- Collection entries -
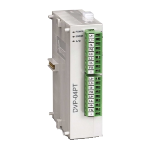 Температурные модули DVP04-PT/TC – это модули расширения для ПЛК Delta серии S. Они служат для преобразования сигнала с термосопротивлений (PT100,PT1000,Ni100,Ni1000) или термопар (J, K, R, S, T) в дискретный сигнал 14-бит.
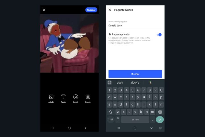 Paso 5: agrega texto y un contorno de color a tu sticker si lo deseas, y cuando consideres que está listo, toca Guardar.
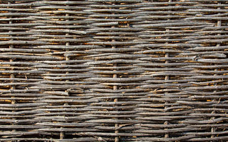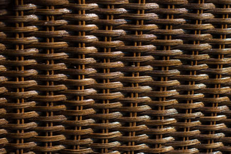 Wicker texture in dark brown tones. Bound stripes made of artificial plastic material.
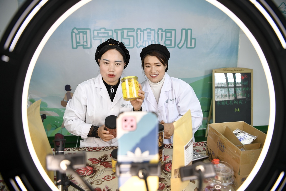 宁夏银川市永宁县闽宁镇闽宁禾美电商扶贫车间员工在直播带货(2020年11月11日摄)。新华社记者 冯开华 摄
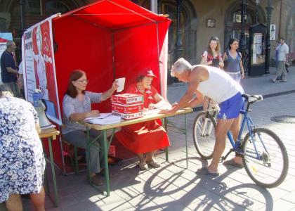Коммунисты Заводского района живо откликнулись на инициативу граждан из других регионов России о создании Народного ополчения для объединения всех подлинно патриотических сил и организованной защиты честных результатов предстоящих выборов в Государственную Думу. Запись в него производится прямо во время проведения Народного референдума.
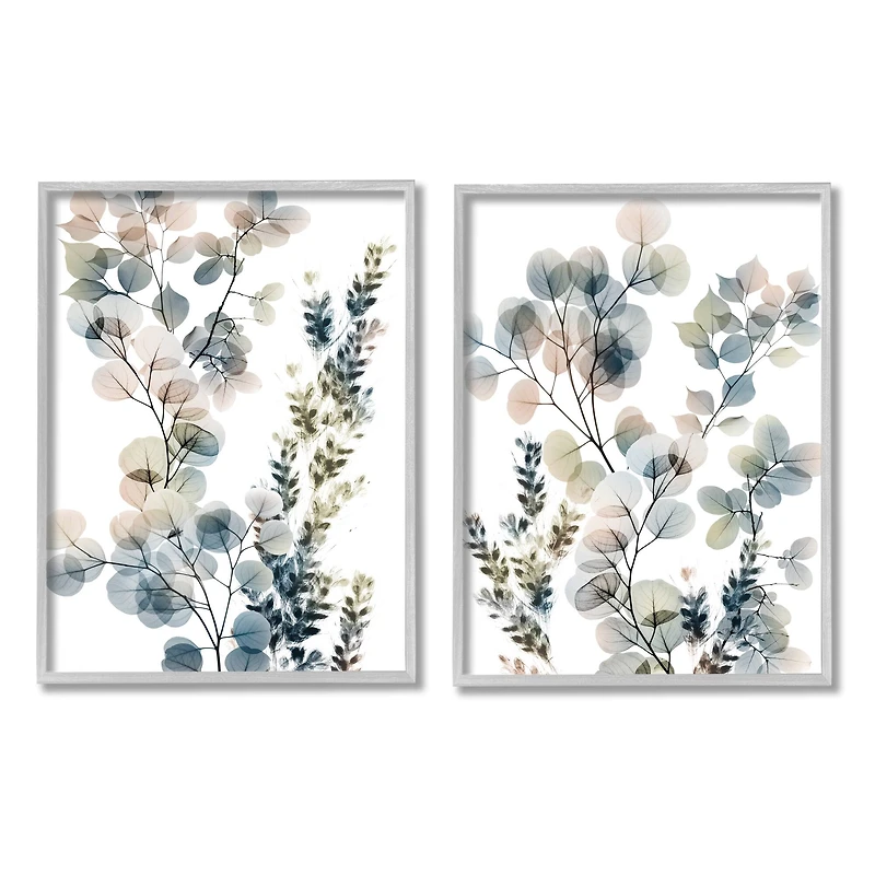 Stupell Industries Collage of Translucent Plants Blue Green Beige in Gray Frame Wall Art
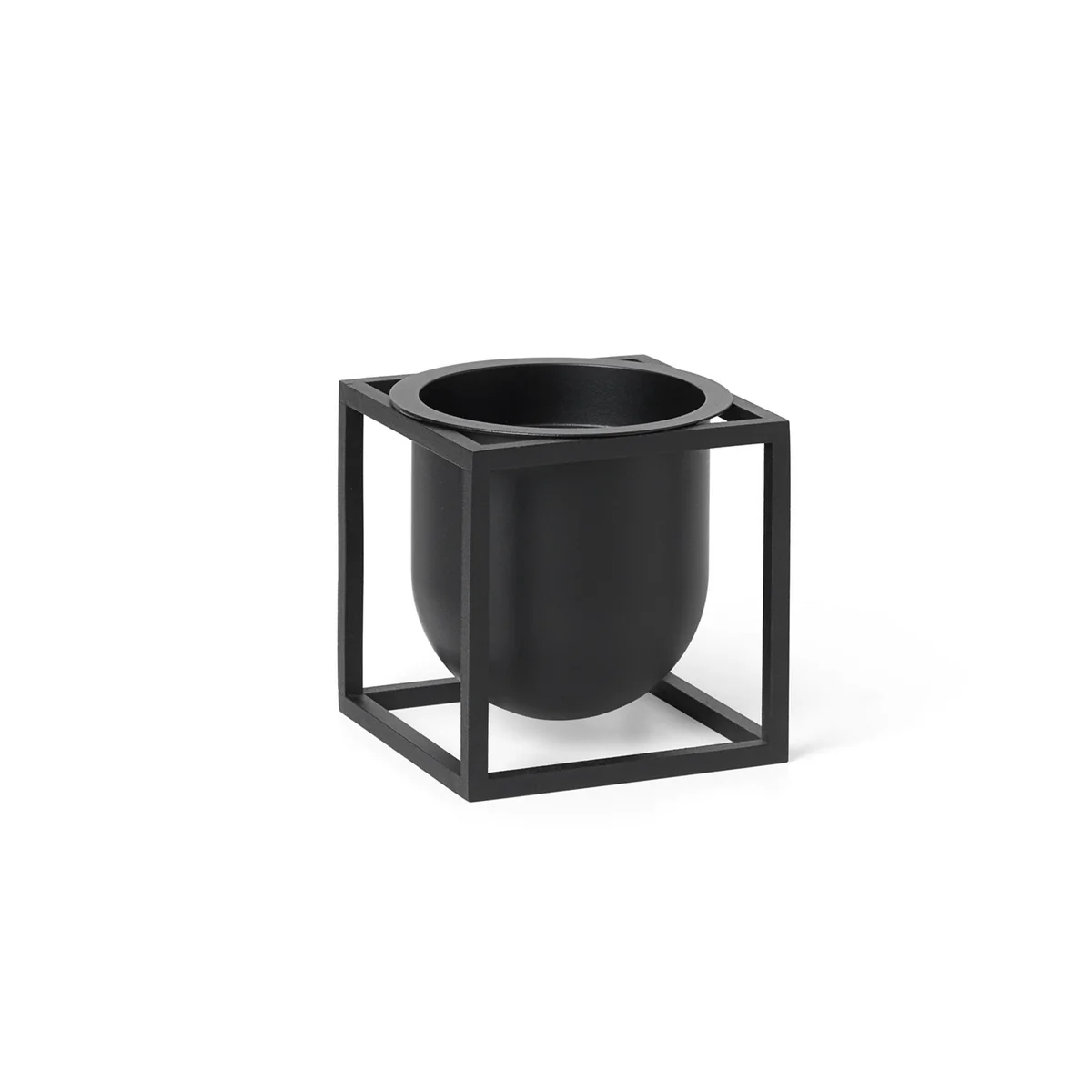 The Flowerpot is made of powder-coated metal in various colors. The round container is thereby typically for the Kubus series held by the angular, geometric frame. On the side table in the bedroom or hallway, the sideboard in the living room or on the garden table, the pot makes a beautiful figure. An insert keeps the flowers and plants in an upright position. With a matching wall mount, which is available separately, the Flowerpot can also be mounted on the wall.
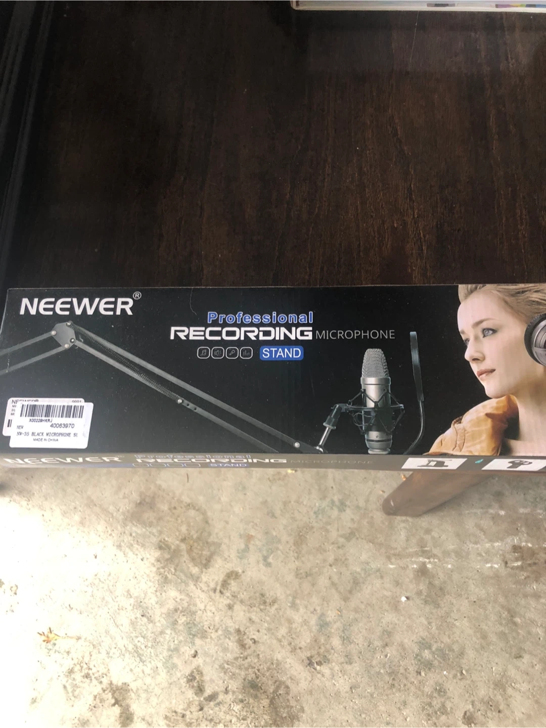 Neewer Professional Recording Microphone Stand in black. This stand is for recording microphones. It's made in China. This item would be useful for podcasters and streamers.
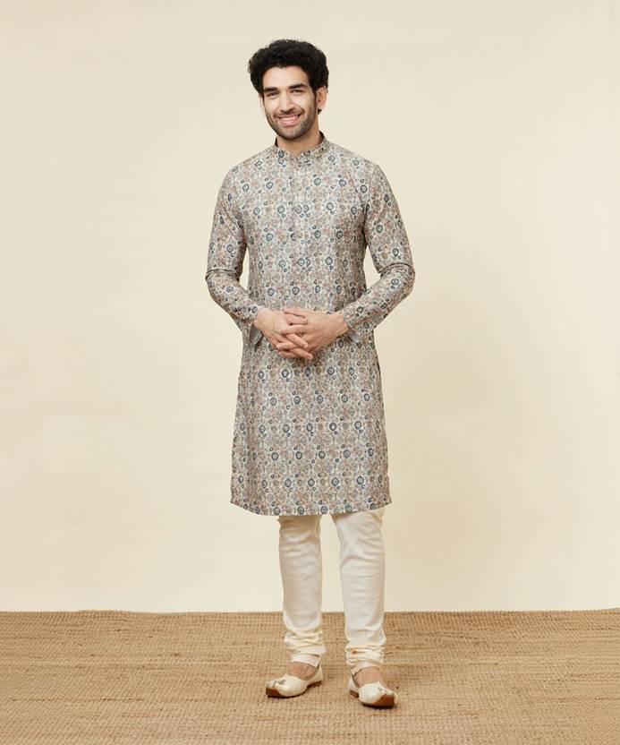 MANYAVAR Men Printed Straight Kurta (Beige, Blue, Brown)
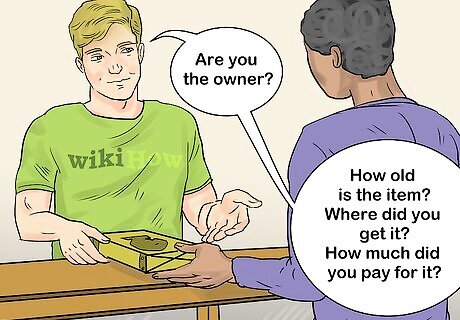Ask the seller if they are the owner. When someone comes to your business to sell goods, then you cannot just accept the goods without asking any questions. Instead, you should ask basic questions to feel out whether the person is the real owner. If the goods are stolen, then the police will want to see that you performed a reasonable inquiry. Ask how old the item is. If they don't know, then they may have stolen the goods. Ask where they got the item. If they can't, or if they stammer and stumble, then the goods might be stolen. Ask how much they originally paid for the item. If they give you a price that seems too low or too high, then you should be on guard. The goods may be stolen.
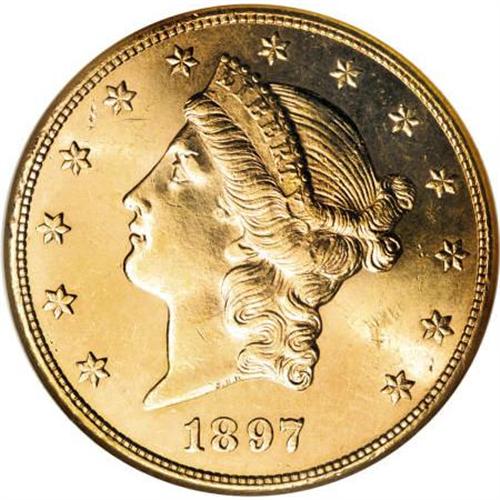 <B>1897-S $20 MS64 Prooflike NGC.</B></I> The surfaces of most 1897-S double eagles are heavily abraded. Choice examples are scarce, particularly those with Prooflike surfaces. This near-Gem Prooflike specimen exhibits lovely brass-gold surfaces that show exquisitely struck design elements. A few minor marks define the grade. Census: 1 in 64 Prooflike, 0 finer (11/07).<BR><I>From The New York Eye Appeal Collection, Part Three.</B></I><BR><BR><B>Coin Engraver:</B> James B. Longacre<BR><BR><b>Shipping:</b> Coins & Currency (<a target="_blank" href="http://www.heritageauctions.com/common/shipping.php">view shipping information</a>)

- Task objective -
Both boundary lines included, write out word for word only the lines above from the one containing "Коммунисты Заводского района" to the one containing "Stupell Industries Collage", leaving out any pictures.

- Reply -
Коммунисты Заводского района живо откликнулись на инициативу граждан из других регионов России о создании Народного ополчения для объединения всех подлинно патриотических сил и организованной защиты честных результатов предстоящих выборов в Государственную Думу. Запись в него производится прямо во время проведения Народного референдума.
 Stupell Industries Collage of Translucent Plants Blue Green Beige in Gray Frame Wall Art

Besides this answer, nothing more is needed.